É constatação óbvia que as Guerras são dos eventos mais traumáticos que se podem viver. Seria ocioso tentar elencar todos os malefícios, tragédias, desgraças e sofrimento que trazem, seja colectiva, seja pessoalmente, para todos quantos são esmagados pelas vontades soberanas beligerantes.

Não raro, contudo, principalmente as Guerras ocorridas em solo europeu, acabaram por ser os motores de fortíssimas evoluções sociais, artísticas, económicas, tecnológicas e… jurídicas. Evoluções, pois, apesar da regressão temporária que causam, a experiência da Guerra aguça o engenho, desperta a semente da mudança de pensamentos.

Olhando para o “Jurídico”, é inequívoco que, com as duas Grandes Guerras do Século XX, o Direito se desenvolveu muitíssimo, principalmente quanto à consciência da “humanidade” ínsita em todos e cada um de nós. Deixámos de nos bastar com elencos formais de Direitos e Garantias, desenvolvemos estruturas e mecanismos de afirmação prática dos mesmos, procurámos garantir que as declarações não fossem wishfull thinking, criámos estruturas orgânicas de gestão da ordem jurídico-política mundial, etc.

Não vai ser diferente com a “Guerra da Ucrânia”! Logo nos alvores dela se anteviu qual seria o plus que traria a nível jurídico-político: a efectivação do princípio de o agredido ser indemnizado pelo agressor, face a uma guerra “ilícita”.

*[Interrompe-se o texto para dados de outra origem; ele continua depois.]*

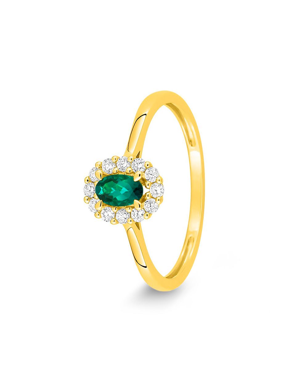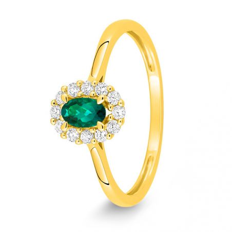 Cette bague en or jaune 9 carats est un solitaire emeraude serti de diamants de 0,16ct. La pierre est une émeraude naturelle mesurant environ 4mm sertie au milieu de la bague or.
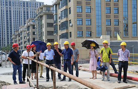 在結(jié)束了銷售展廳的行程之后,張建平又來(lái)到文鼎苑項(xiàng)目工地了解工程進(jìn)度情況。在施工現(xiàn)場(chǎng),他仔細(xì)詢問(wèn)施工方負(fù)責(zé)人目前工程的進(jìn)度以及面臨的困難,要求施工方要全力配合好整個(gè)項(xiàng)目的銷售進(jìn)展,加快工程進(jìn)度,保證施工安全,確保工程質(zhì)量。
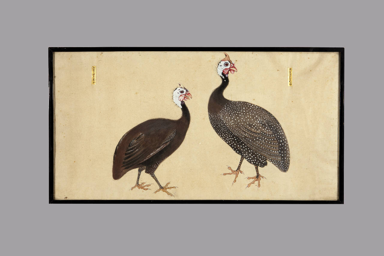 Dipinto a tempera su carta raffigurante due uccelli (forse tacchini). Nei loro pressi due cartigli rettangolari dorati con iscrizioni a inchiostro bruno. Cornice in legno e vetro protettivo.
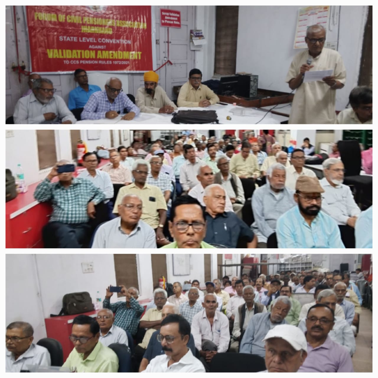आज दिनांक 24 अगस्त को शहीद चौक पर ऑल इंडिया फोरम ऑफ सिविल पेंशनर्स एसोसिएशन के राष्ट्रीय आह्वान पर पेंशन अधिनियम में ड्राकोनियन संशोधन एवं 8वें केंद्रीय वेतन आयोग के गठन में अप्रत्याशित विलंब को लेकर राज्य स्तरीय कन्वेंशन का आयोजन किया गया संयुक्त रूप से जिसकी अध्यक्षता पोस्टल पेंशनर्स एसोसिएशन झारखंड के साधन कुमार सिंहा,रेलवे के जी एस बहल, बी एस एन एल पेंशनर्स वेलफेयर एसोसिएशन के नरेश लाल और ऑल इंडिया बी एस एन एल डिपार्टमेंट के विनोद कुमार ने किया.

Com a aplicação de sanções económicas internacionais à Federação Russa, foi inequívoco o objectivo imediato de dissuadir a continuação da agressão; porém, o objectivo mediato foi para nós também evidente: permitir o ressarcimento do agredido pela destruição quase total de vastas áreas do seu território, incluindo infraestruturas fulcrais, essenciais à sobrevivência do Estado Ucraniano, mas também ao comércio mundial e a vastas populações de outras partes do Globo.

E será assim que acontecerá! Não se sabe ainda é como.

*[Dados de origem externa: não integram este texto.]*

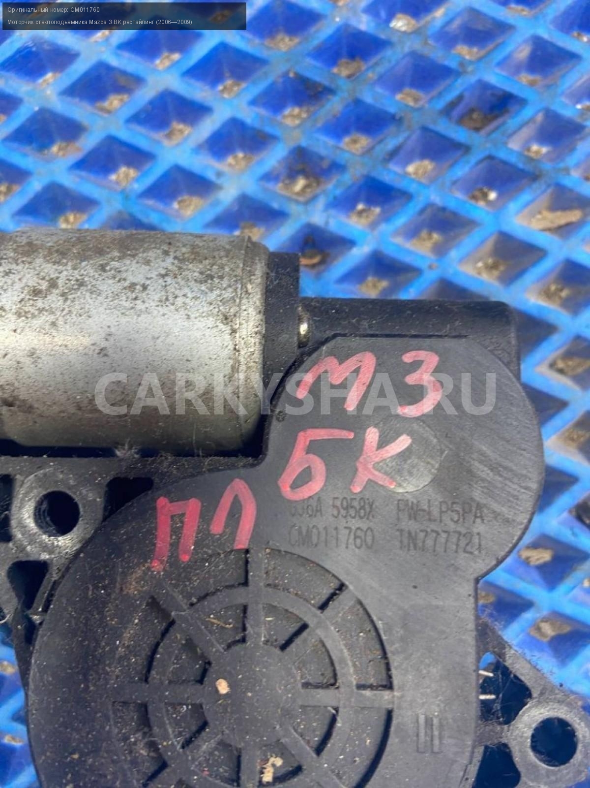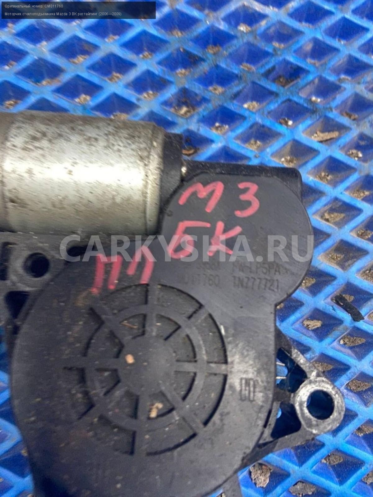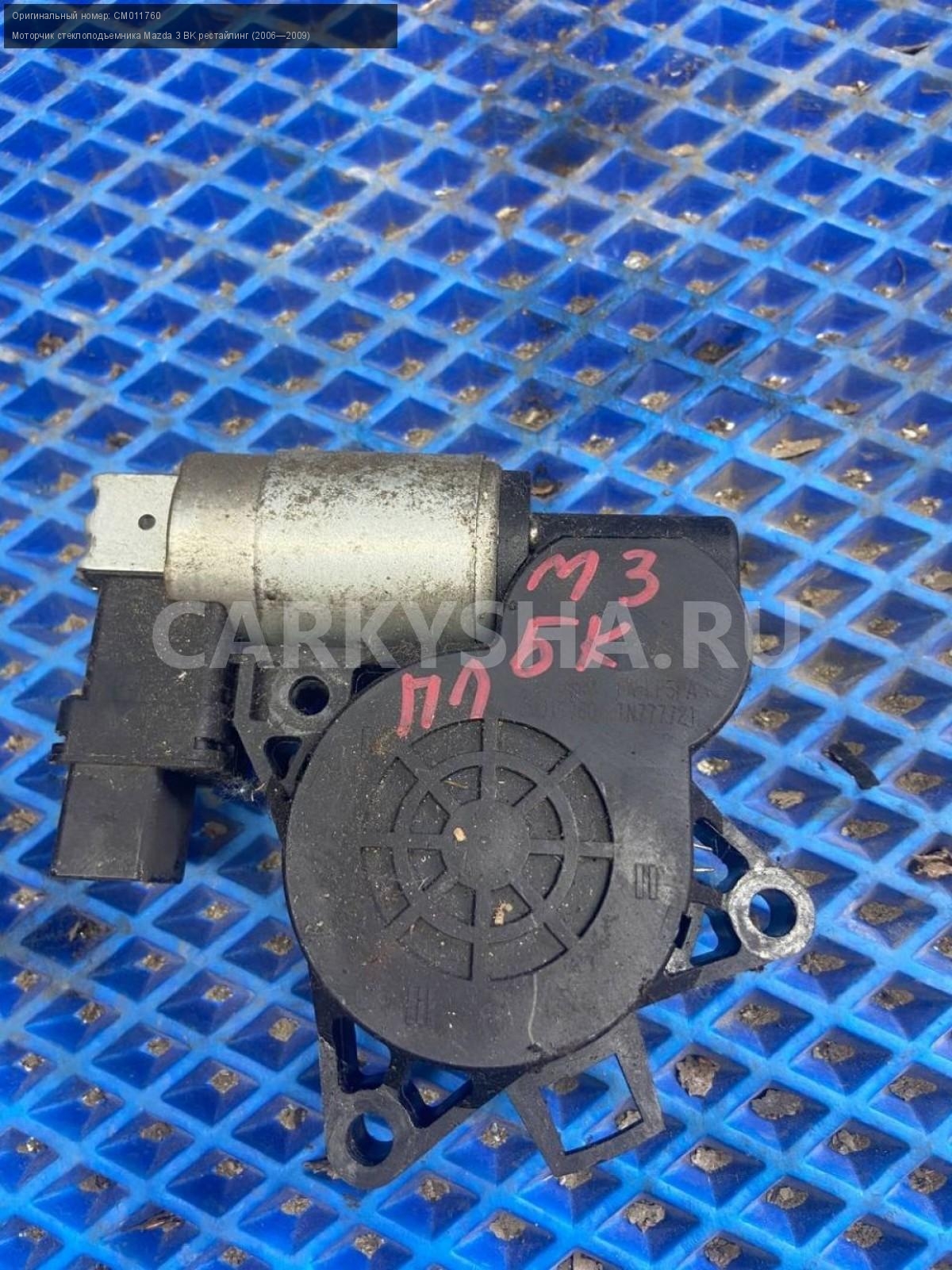 Mazda 3 BK, моторчик переднего левого стеклоподъем\nАртикул: 8189\n\nОриг. номер: CM011760\nПроизводитель: MAZDA\nПримечание:Мазда 3 ВК, моторчик переднего левого стеклоподъемника, б/у. \n\nМарка: Mazda\nМодель: 3 BK рестайлинг (2006—2009)\nГод выпуска: 2007\nКузов тип: Хетчбэк\nДвигатель номер: Z6\nМодель двигателя: инжектор\nОбъем: 1.6\nТопливо: Бензин\nКоробка: Автомат\nЦвет: 34N\nПраво/Лево: Лево\nПеред/Зад: Перед\nСовместимости: Mazda 3 BK рестайлинг (2006—2009) 1.6 AT (105 л.с.)\nСовместимость:

Na verdade, o Direito Internacional Geral, o D. I. Convencional, o Direito interno de muitos Estados Ocidentais, já previam e já executaram sanções a pessoas singulares sancionadas pela prática de actos ilícitos, ou a quem foram impostas obrigações de ressarcimento ou de perda de bens ou produtos da prática desses ilícitos. De que os casos de crime de branqueamento de capitais são exemplo maior e de fácil enquadramento. São conhecidos os congelamentos de bens, estamos habituados às disputas jurídicas desenvolvidas pelos titulares dos bens congelados, bem como aos processos penais, cíveis ou administrativos que dão como provada a existência de um “ilícito” que é pressuposto das “perdas”.

Com o que os sistemas normativos nunca tinham sido confrontados é, porém, a situação muito específica da Guerra da Ucrânia: em que o sancionado é um Estado soberano, sujeito de direito internacional público por excelência, dotado de imunidades e prerrogativas jurídicas e judiciais que nenhum Estado aceita perder; e em que os bens alvo da sanção de “congelamento” gozam de igual imunidade. O grande desafio, que trará mais uma evolução jurídica global, é mesmo este: discutir as imunidades e prerrogativas dos Estados nestas circunstâncias; aquilatar da necessidade da Sentença Judicial final para a declaração de perda dos bens ou não; aceitar, contra todos os princípios (ou criar mecanismo que permita aceitar), a transmutação dos bens, instrumentos e produto (da meramente alegada e eventual prática de ilícito), em capital ressarcitório do Estado lesado. E é da mais embrenhada reflexão sobre todos estes problemas fundamentais, que agora desenvolvemos, que nascerá um novo capítulo da ordem jurídica mundial.

Nota: O autor escreve ao abrigo do antigo acordo ortográfico.